2.2 Auditory speech processing task

During the MEG recording, participants were presented with a short audio-text read in a female voice (and processed by a professional sound engineer) through headphones. The text was a short pop-science article about hedgehogs. The text had a length of 672 words, of which 166 were function (prepositions, conjunctions) and 506 were content words. Text of the story and translated to English text can be viewed in the Supplementary material. While listening, participants were shown a fixation cross on a black background on the screen. After the audio story, the experimenter asked questions about the content of the story in order to track the participant’s involvement. The duration of the story was 4 min and 52 s. Function words (for ex., ‘in’, ‘when’, ‘to’, ‘not’, ‘but’) had mean duration 167 (ms ± 135 ms – standard deviation). Content words (for ex., ‘hedgehogs’, ‘live’, ‘light’) had mean duration 394 ms (±158 ms).

2.3 Semantic dissimilarity

To analyze the MEG response to close- and distinct-to-context words, a semantic dissimilarity value was calculated for each word. First, word embeddings were generated using the pre-trained fastText model (cc.ru.300.bin; Grave et al., 2018). The model was trained on a large corpus of Russian text and provides 300-dimensional vector representations for words. Then, semantic dissimilarity of each word was calculated using their vector representations. We compared each word’s vector with the mean vector of all previous words in the sentence, using Pearson correlation as a measure of similarity. The dissimilarity was computed as 1 - Pearson correlation, where higher values indicate greater dissimilarity. The resulting dissimilarity scores reflected how semantically distant each word is from its context (Broderick et al., 2018). The value assigned to the initial word of the text (“hedgehogs”) was set to 1. The vector of the first word in a sentence was compared to the average of all word vectors from the preceding sentence.

Then, the content words were divided into quartiles by semantic dissimilarity values. Groups of words for comparison were identified: ‘close-to-context’ (lower quartile) and ‘distinct-to-context’ (upper quartile). Thus, the MEG response to 127 close-to-context and 127 distinct-to-context content words was analyzed in total. Close-to-context words (for ex., ‘grass’, ‘hedgehogs’, ‘they’, ‘small’, ‘now’) had mean duration 324 ms (±143 ms). Distinct-to-context words (for ex., ‘relatives’, ‘white-bellied’, ‘farm’, ‘meter’) had mean duration 453 ms (±162 ms).

We also analyzed the brain activity elicited by words following the close- and distinct-to-context words to examine whether the late ERF differences we observed were related to the onset of the next word. Before conducting the analysis, we checked that the proportions of function, content, close- and distinct-to-context words were statistically comparable across the analyzed groups using the chi-square test, to ensure that any observed neural differences could not be attributed to uneven distributions of word types, which may differentially engage processing mechanisms.

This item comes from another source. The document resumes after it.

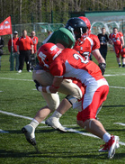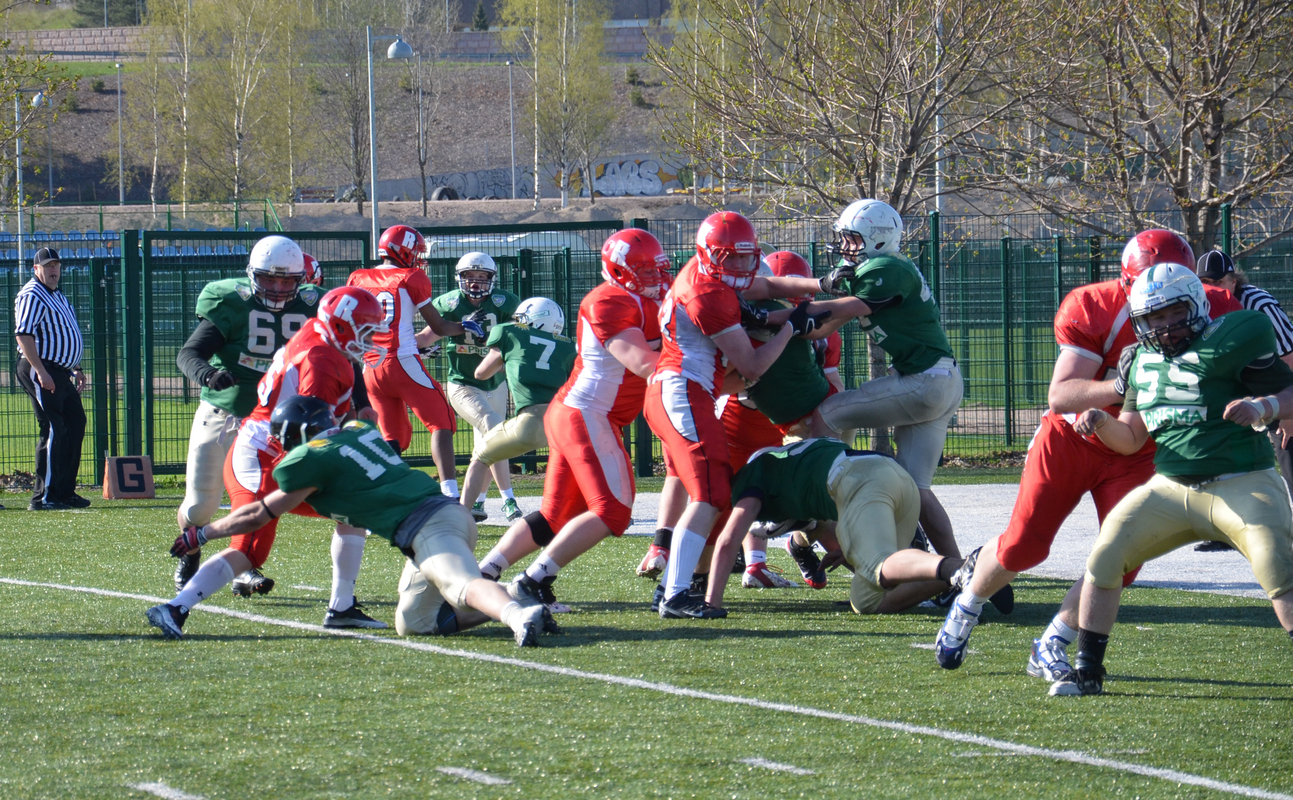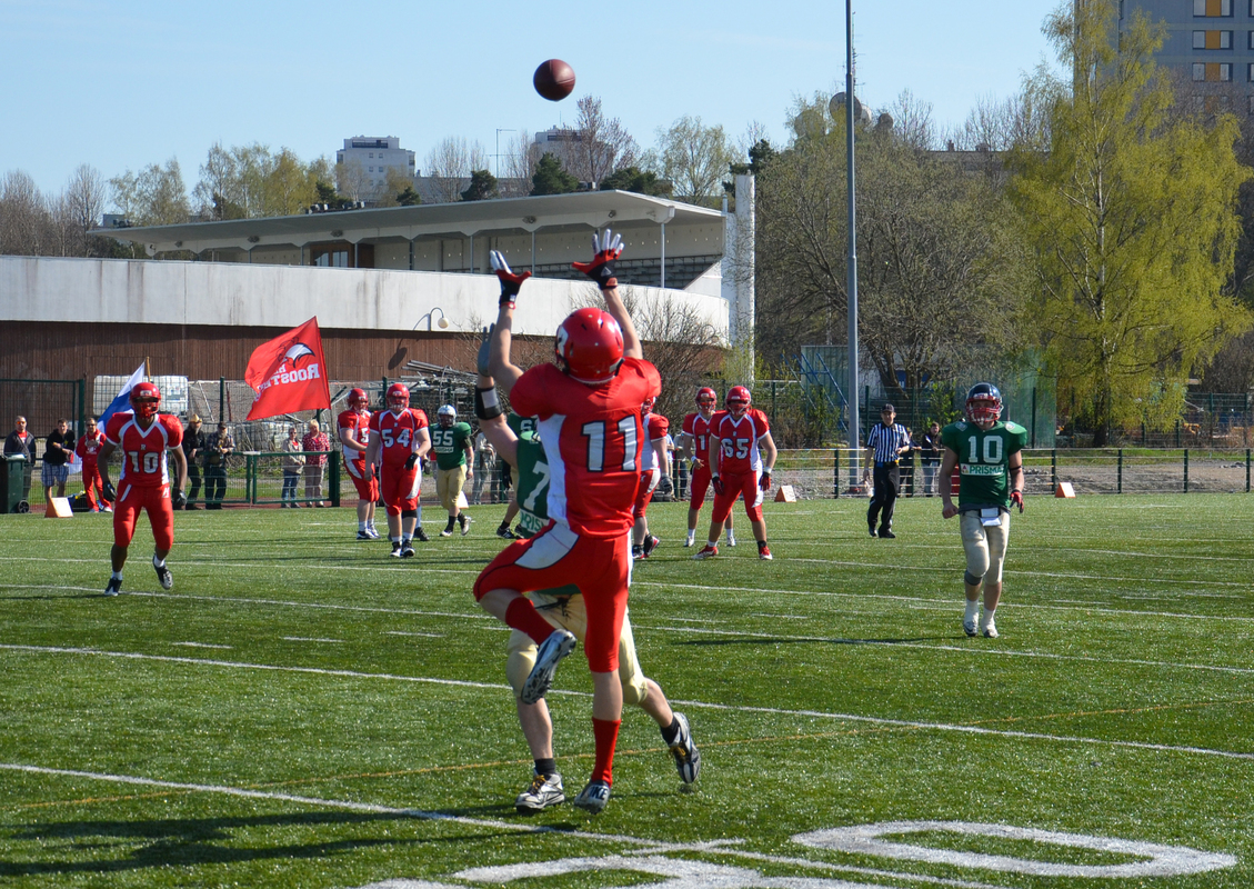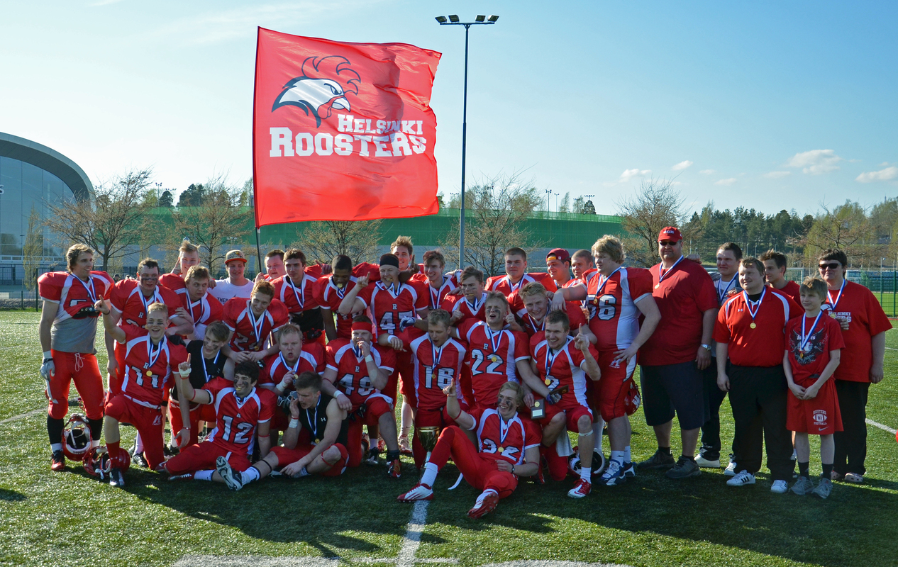Ensimmäinen pelipuolisko oli varsin tasaväkinen. Ottelun hahmoksi kohonnut Roostersin monitoimimies Ville Roitto teki ottelun kaksi ensimmäistä maalia lyhyiden heittopelien päätteeksi. Potkaisija Onni Juvonen oli varmalla päällä ja potki lisäpisteet sisään. Roosters johti 14-0. Crocodiles oli kuitenkin latautunut otteluun huolellisesti ja pelinrakentaja Walter Vasanoja löysi heittonsa kohteeksi maalialueelle kipaisseen Juuso Mäkisen. Jaska Värinen juoksi kaksi lisäpistettä. Härmän nopein takamies Kalle Laitinen pohjusti seinäjokisten tasoistusmaalin, jonka Värinen juoksi maalialueelle. Tilanne 14-14. Roostersin päävalmentaja Jarmo Lahti. - tällä kertaa materiaali ratkaisi. Meidän pojat jaksoivat loppuun asti. Joukkue on saatu hyvää malliin paljolti sen takia, että pelitapa on sama kun edustusjoukkueessa. Valtaosa pelaajista on mukana edustusjoukkueen ringissä ja saanut riittävästi toistoja. Hauskan lisän otteluun toi ryhmä latvialaisia kiekkofaneja, jotka jaksoivat päristyttää rumpuaan koko ottelun ajan sekä kannustaa molempia joukkueita. Ottelun parhaina palkittiin: Team MVP Benjamin Snåfs, Seinäjoki Crocodiles Team MVP Onni Juvonen, Helsinki Roosters Game MVP Ville Roitto, Helsinki Roosters Uutinen Roostersin sivuilla. |

The word lists can also be seen in the Supplementary material. To obtain word onset and offset markers, the audio story recording was aligned with its textual transcript and manually annotated using the ‘Audacity’ software for spectrogram inspection.

2.4 MEG data acquisition

MEG was recorded using a 306-channel detector array (Vectorview; Neuromag, Helsinki, Finland). The data was recorded with a band-pass filter of 0.03–330 Hz, digitized at 1000 Hz. The subjects’ head positions were continuously monitored during MEG recordings. The study was conducted at the unique research facility — “Center for Neurocognitive Research” of the Moscow State University of Psychology and Education.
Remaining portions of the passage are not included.